- Opening Delimiter -
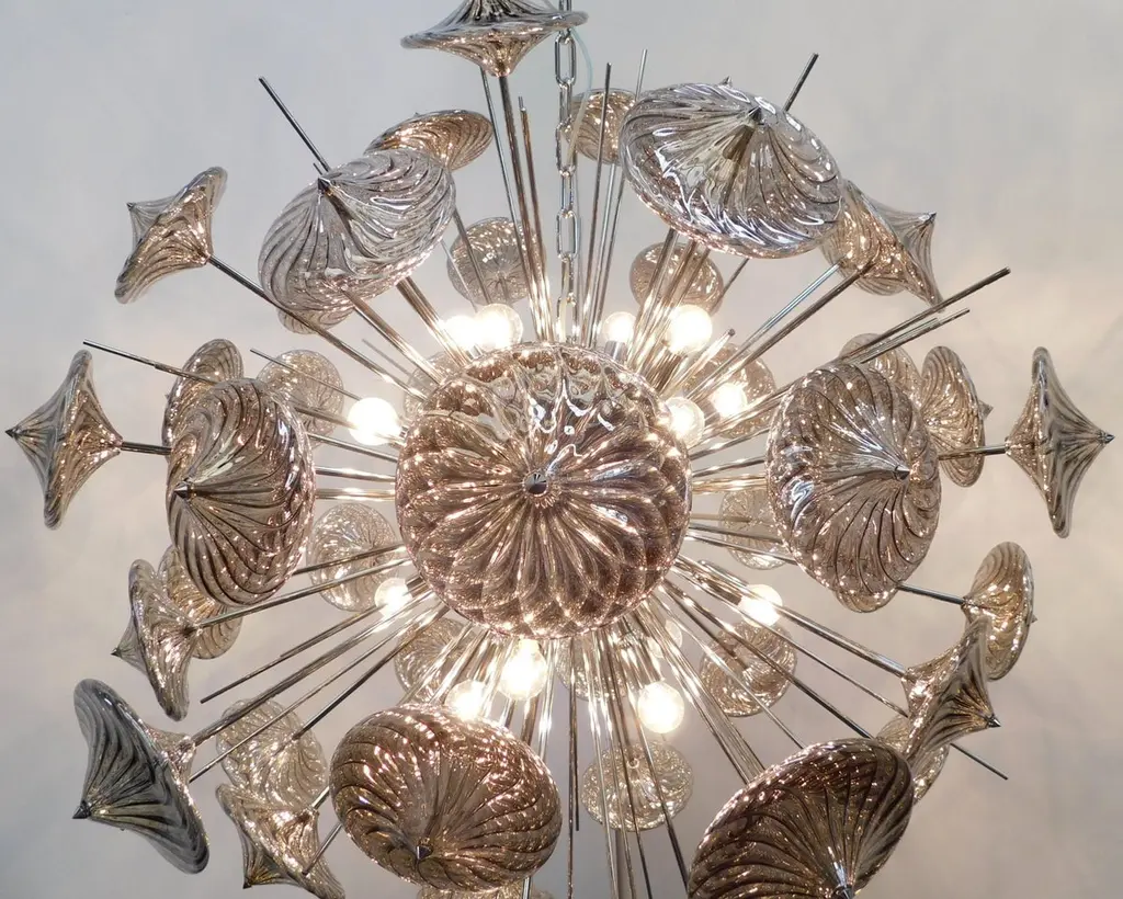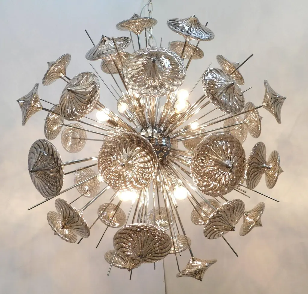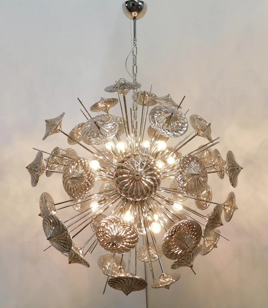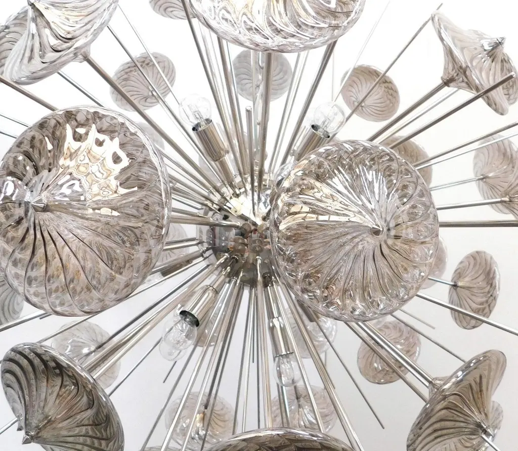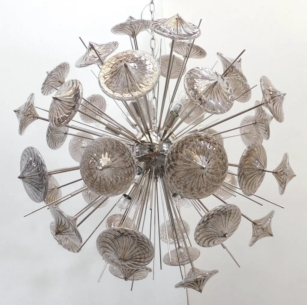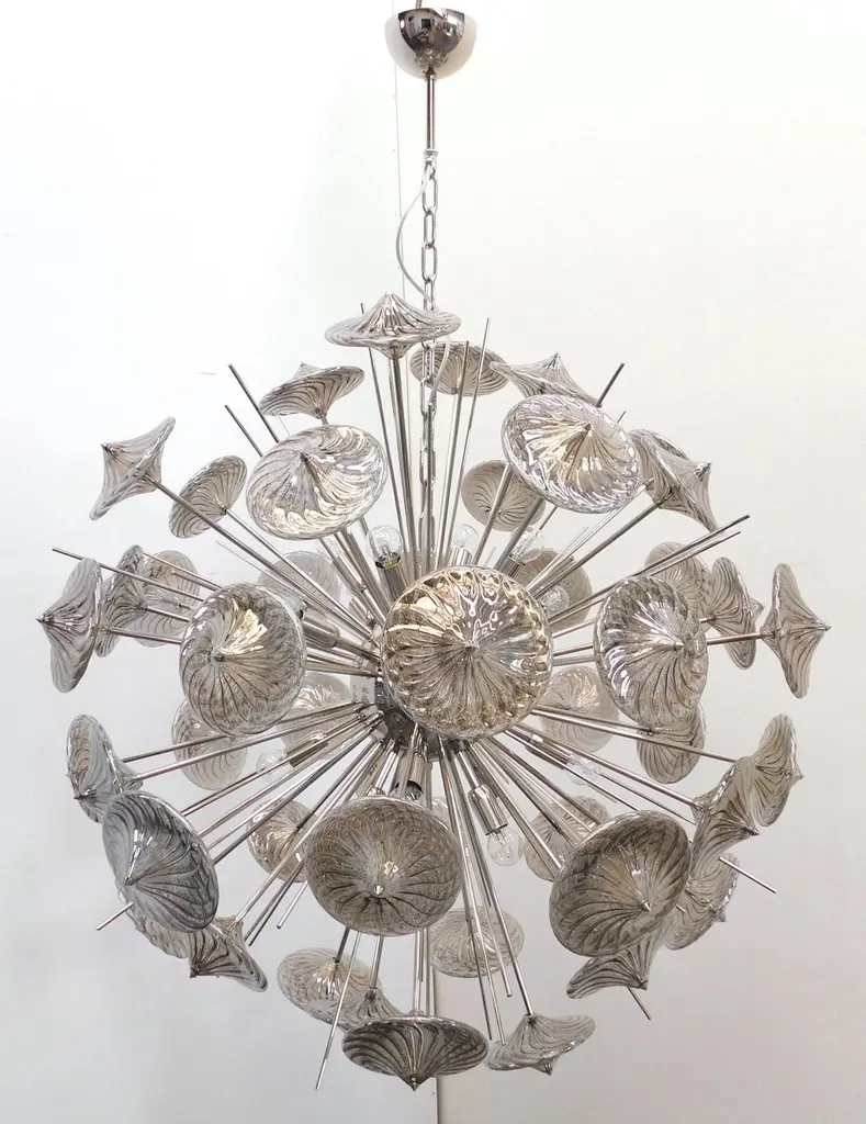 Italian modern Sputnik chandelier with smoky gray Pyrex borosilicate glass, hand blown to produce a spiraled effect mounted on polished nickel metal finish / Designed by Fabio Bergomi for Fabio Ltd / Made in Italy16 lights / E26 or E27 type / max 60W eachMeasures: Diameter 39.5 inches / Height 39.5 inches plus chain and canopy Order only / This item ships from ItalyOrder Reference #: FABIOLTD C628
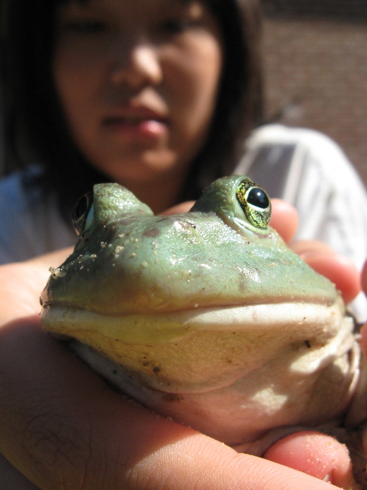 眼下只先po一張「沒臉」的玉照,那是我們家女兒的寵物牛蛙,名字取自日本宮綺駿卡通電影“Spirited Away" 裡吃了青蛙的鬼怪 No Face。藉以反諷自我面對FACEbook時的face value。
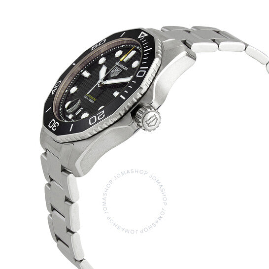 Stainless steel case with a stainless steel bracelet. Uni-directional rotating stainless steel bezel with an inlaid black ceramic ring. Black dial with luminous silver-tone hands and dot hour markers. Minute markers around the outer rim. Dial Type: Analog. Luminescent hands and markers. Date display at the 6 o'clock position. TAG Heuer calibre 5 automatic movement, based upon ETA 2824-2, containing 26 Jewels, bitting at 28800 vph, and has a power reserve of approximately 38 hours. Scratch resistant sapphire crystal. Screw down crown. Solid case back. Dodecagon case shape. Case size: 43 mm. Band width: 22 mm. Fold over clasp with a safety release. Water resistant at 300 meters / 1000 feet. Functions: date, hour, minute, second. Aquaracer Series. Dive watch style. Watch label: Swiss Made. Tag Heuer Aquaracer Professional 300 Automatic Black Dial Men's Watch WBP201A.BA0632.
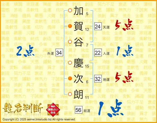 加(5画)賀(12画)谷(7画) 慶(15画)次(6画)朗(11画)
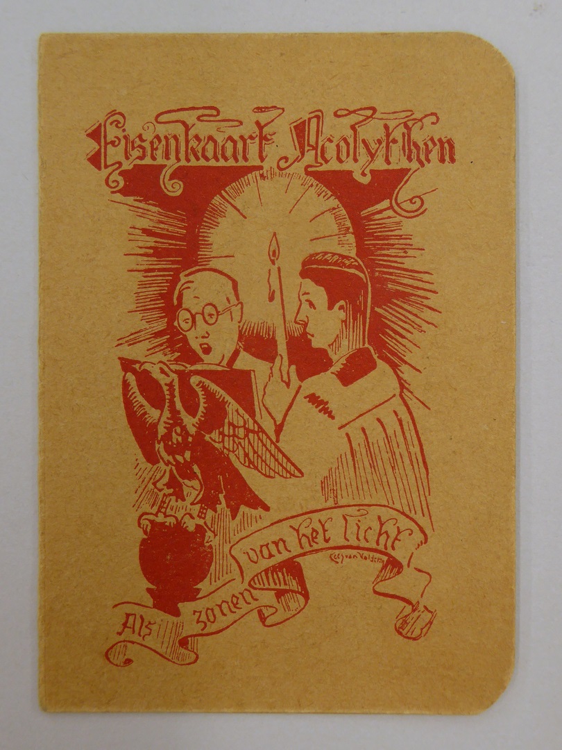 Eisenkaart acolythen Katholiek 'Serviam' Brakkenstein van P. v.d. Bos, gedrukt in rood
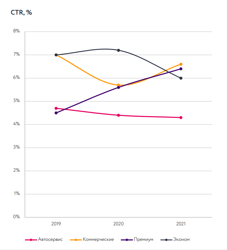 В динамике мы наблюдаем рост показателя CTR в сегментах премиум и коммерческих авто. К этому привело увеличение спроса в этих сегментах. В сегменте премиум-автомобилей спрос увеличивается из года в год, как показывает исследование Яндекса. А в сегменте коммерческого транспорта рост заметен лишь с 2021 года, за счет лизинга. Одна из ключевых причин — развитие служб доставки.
- Closing Delimiter -
What this task involves —
The lines to set down run from the line with "加(5画)賀(12画)谷(7画) 慶(15画)次(6画)朗(11画)" up to and including the line with "Eisenkaart acolythen Katholiek" in the entries above. Reproduce them exactly, with no pictures.

Task response —
 加(5画)賀(12画)谷(7画) 慶(15画)次(6画)朗(11画)
 Eisenkaart acolythen Katholiek 'Serviam' Brakkenstein van P. v.d. Bos, gedrukt in rood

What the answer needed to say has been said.